Victoria’s writing style is gentle, unpretentious, often amusing, and at odds with the dour image commonly associated with her. The queen’s attention to detail gives a fascinating insight into her thoughts and reflections as a wife and mother. Accompanying the text are stunning engravings and coloured plates of scenes from Balmoral and the surrounding area as well as reproductions of simple sketches by Victoria and Albert. As befitting a queen, the book was produced to the highest standards of the day using the latest lithographic printing technology.

The dedication to Princess Beatrice by her mother, Queen Victoria .

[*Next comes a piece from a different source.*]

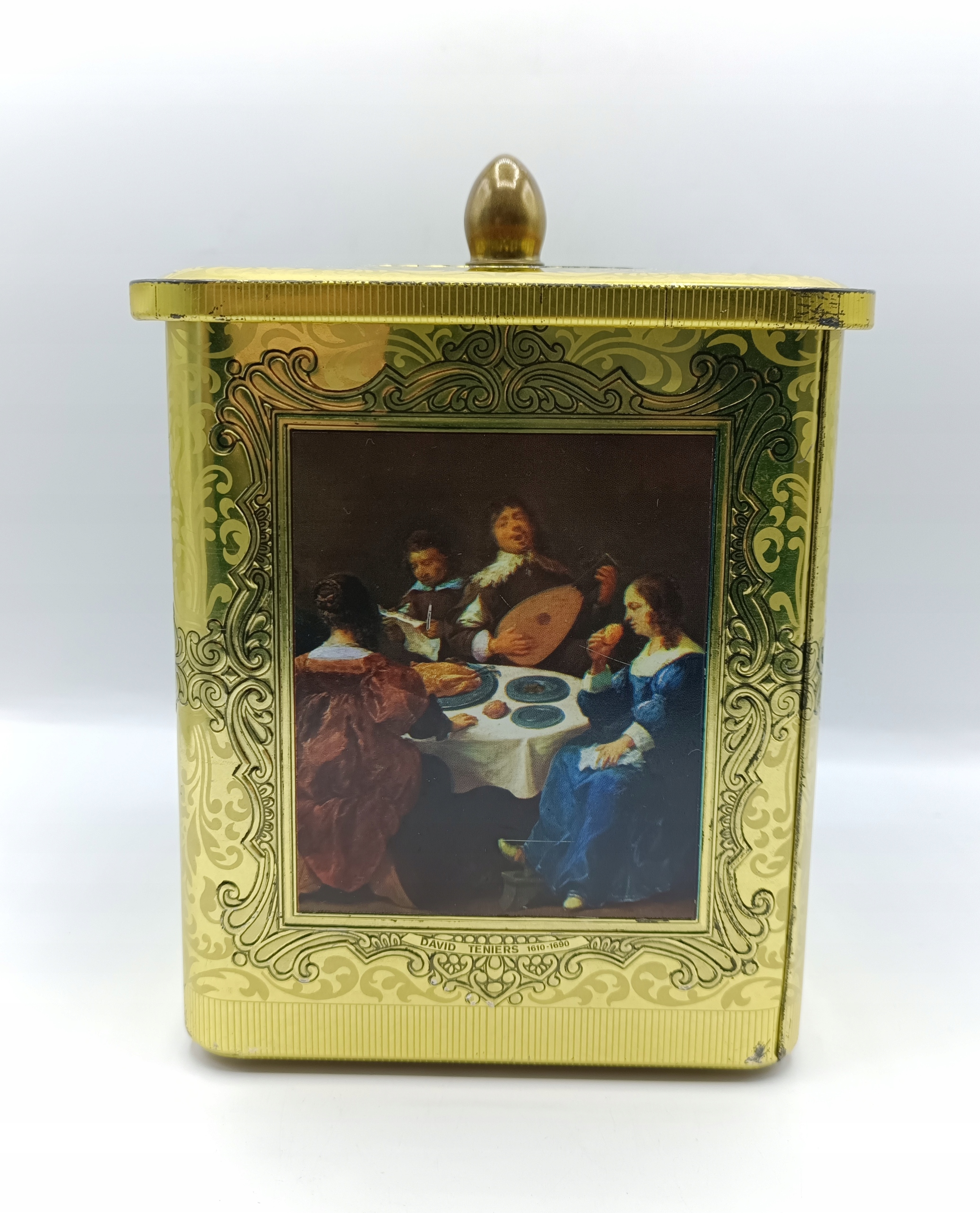 Интересная старая металлическая банка, коллекционная шкатулка с крышкой,
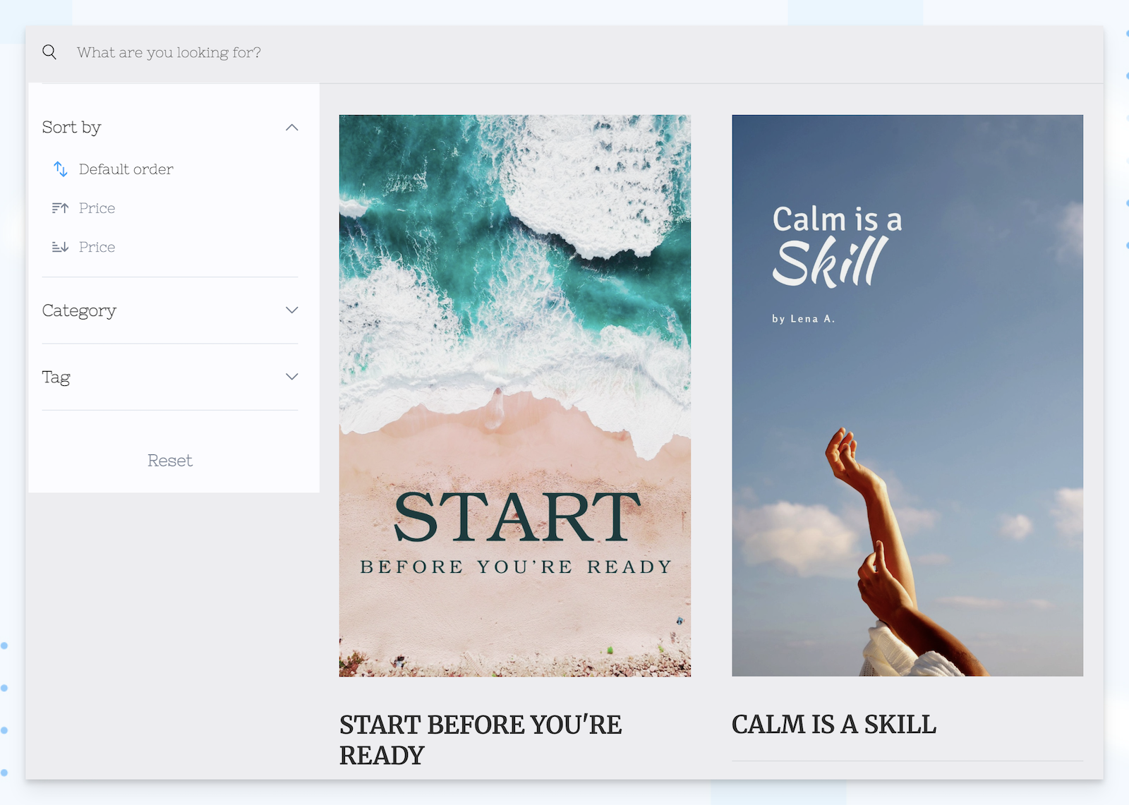 To give your websites a cleaner look, the sidebar filters and sorting can be collapsed by default. This way, they won’t take up extra space, and your visitors can expand them only when needed.

However, what makes this copy of the 1868 edition so significant  is that it was personally inscribed, signed and dated by Queen Victoria as a gift to her youngest child, Princess Beatrice, when she was 11 years old. Born only four years before her father’s death, Beatrice had by far the closest relationship with her mother out of any of her eight siblings. As her elder sisters were gradually married off into other European aristocracies, the queen insisted that her youngest daughter remain by her side.  Though Beatrice married in 1885, the marriage was only agreed to by Victoria on the condition that she and her husband remain living in the same household as the queen. Following Victoria’s death in 1901, Beatrice spent the next 30 years transcribing and editing her mother’s journals and diaries, adhering to her instructions that anything causing embarrassment to others be removed. She died in October 1944 at the age of 87, having outlived her husband by nearly 50 years. She also outlived all of her siblings and their spouses, two of her children, and her three most famous nephews, Kaiser Wilhelm II of Germany, Tsar Nicholas II of Russia and George V of the United Kingdom.

Princess Beatrice’s bookplate bearing her coat of arms pasted inside the front cover of the book.

How the book ended up in Wellington is an interesting story in itself. It was acquired (possibly in a charity auction following Beatrice’s death) by Colonel A.H. Rowen and his wife. She was the daughter of the prominent Wellington businessman David Nathan, but had lived in England for many years. On a vacation back to New Zealand in 1953, the couple decided to gift the book to the city of Mrs Rowen’s birth and in a special ceremony it was handed to the mayor of Wellington, Sir Robert Macalister. The book was subsequently transferred to the rare book collection of Wellington City Libraries.  With the Central Library currently closed, the volume is being carefully stored in a custom-made acid-free enclosure in a temperature and humidity controlled room at the Wellington City Archives.